Records from a dataset
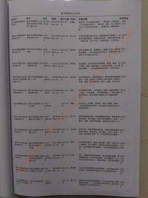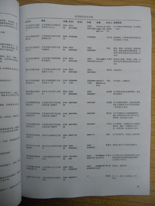 2021版最新泰州企業(yè)黃頁包括《泰州制造企業(yè)黃頁》、《泰州民營企業(yè)黃頁》,現(xiàn)優(yōu)惠價:280元/冊。每冊內容包括:單位名稱、地址、郵編、電話、傳真、郵箱、經(jīng)營范圍等;泰州企業(yè)黃頁涵蓋了近幾年來最新成立的、有一定規(guī)模的企業(yè),具有非常高的營銷價值。有了這套黃頁開展業(yè)務也有了針對性,也省去了盲目去尋找客戶名單而浪費的時間了,工作效率也會有很大的提高。歡迎需要泰州企業(yè)黃頁的朋友及時聯(lián)系我們!
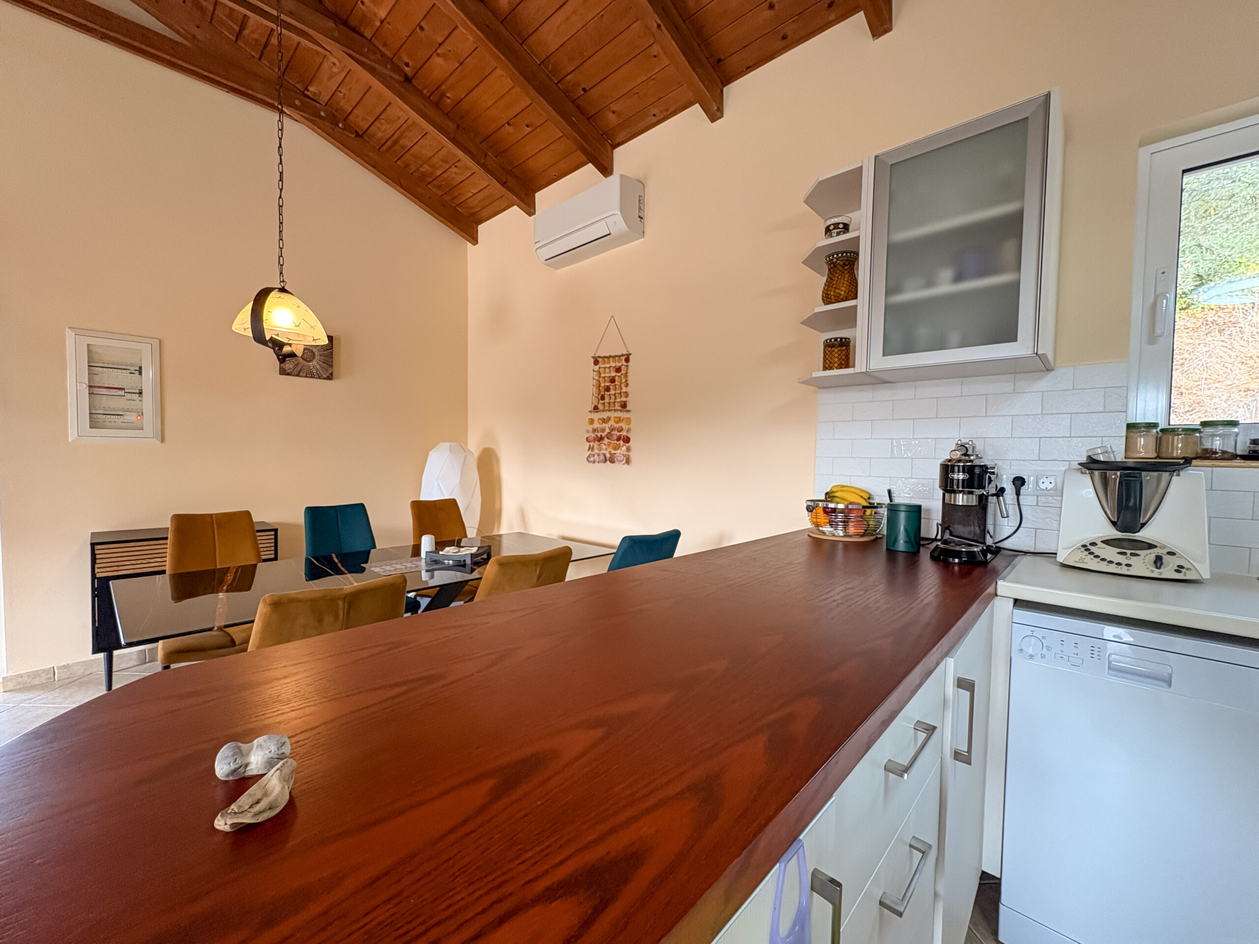 Built in 2010 with high-quality insulated post-and-beam construction, the house includes three bedrooms and two bathrooms, all designed for year-round comfort. The interior feels bright and natural thanks to large double-glazed windows with fly screens and solid metal shutters. There’s also eligibility to build additional space, allowing you to expand or create a guest studio in the future.
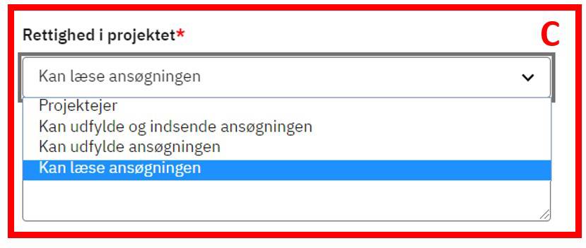 Tryk på pilen til højre i feltet Rettighed i projektet (C). En liste af valgmuligheder åbner, og du skal vælge den rettighed, som personen skal have til projektet.
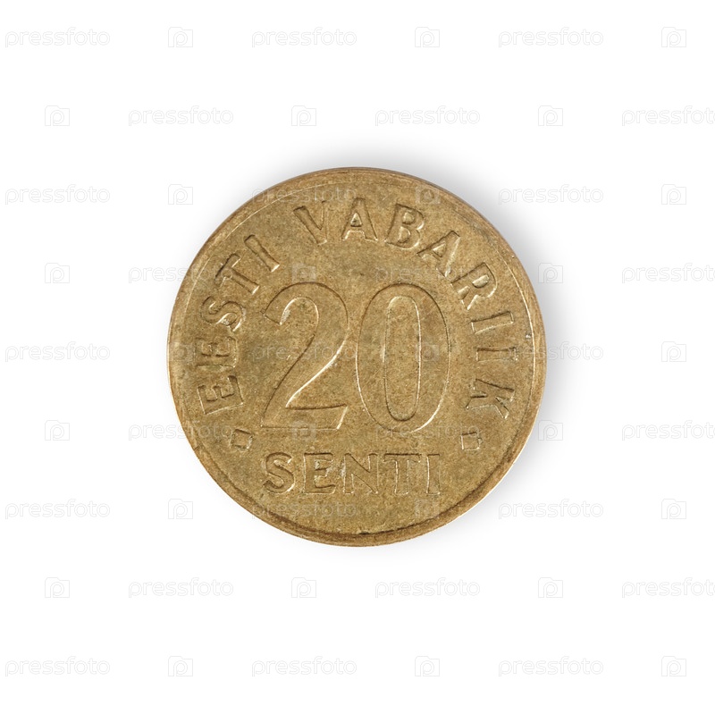 Старая эстонская монета 20 Сади. Надпись Republic of Estonia на английском языке. Элемент дизайна с обрезанной дорожкой
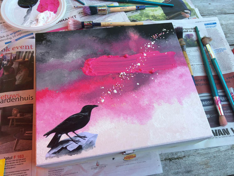 Dan naar buiten om weer een batch met Love Ritual Boxen te schilderen.
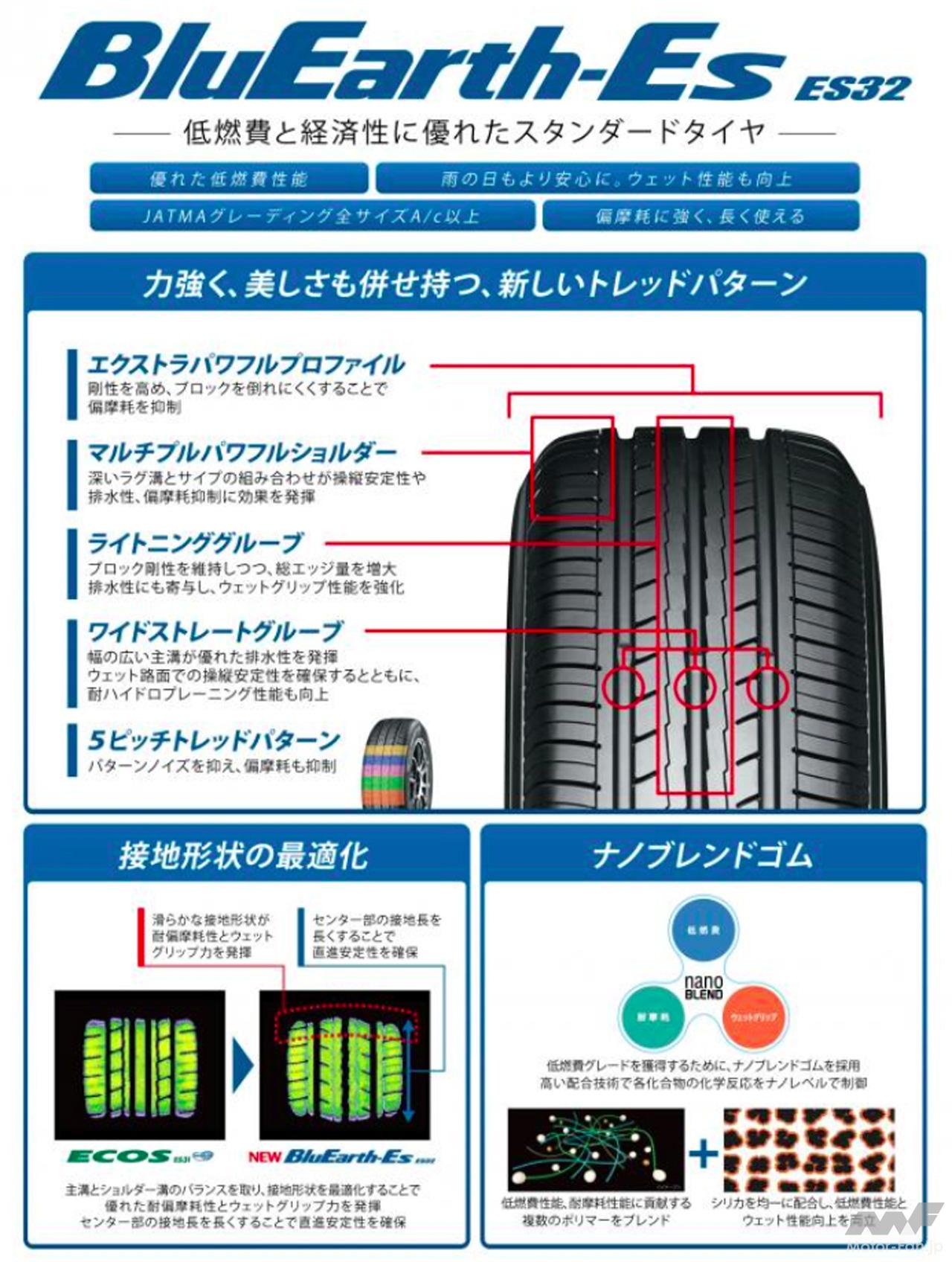 「BluEarth-Es ES32」は従来品「ECOS ES31」の後継モデルとして8年ぶりに発売するYOKOHAMAスタンダードタイヤの新商品。従来品で定評のあった基本性能はそのままに、優れた低燃費性能やウエット性能を発揮する。また、偏摩耗を抑制しロングライフを実現している。国内タイヤラベリング制度では全92サイズで転がり抵抗性能「A」、ウエットグリップ性能「c」以上を獲得し、一部サイズでは転がり抵抗性能「AA」、また多くのサイズでウエットグリップ性能「b」を獲得している(下記サイズ表を参照)。

AIM OF THE EXERCISE: Reproduce the lines of the data that run from the one containing "Tryk på pilen" to the final line, both included, exactly as they appear and without the pictures.

EXERCISE RESULT:
 Tryk på pilen til højre i feltet Rettighed i projektet (C). En liste af valgmuligheder åbner, og du skal vælge den rettighed, som personen skal have til projektet.
 Старая эстонская монета 20 Сади. Надпись Republic of Estonia на английском языке. Элемент дизайна с обрезанной дорожкой
 Dan naar buiten om weer een batch met Love Ritual Boxen te schilderen.
 「BluEarth-Es ES32」は従来品「ECOS ES31」の後継モデルとして8年ぶりに発売するYOKOHAMAスタンダードタイヤの新商品。従来品で定評のあった基本性能はそのままに、優れた低燃費性能やウエット性能を発揮する。また、偏摩耗を抑制しロングライフを実現している。国内タイヤラベリング制度では全92サイズで転がり抵抗性能「A」、ウエットグリップ性能「c」以上を獲得し、一部サイズでは転がり抵抗性能「AA」、また多くのサイズでウエットグリップ性能「b」を獲得している(下記サイズ表を参照)。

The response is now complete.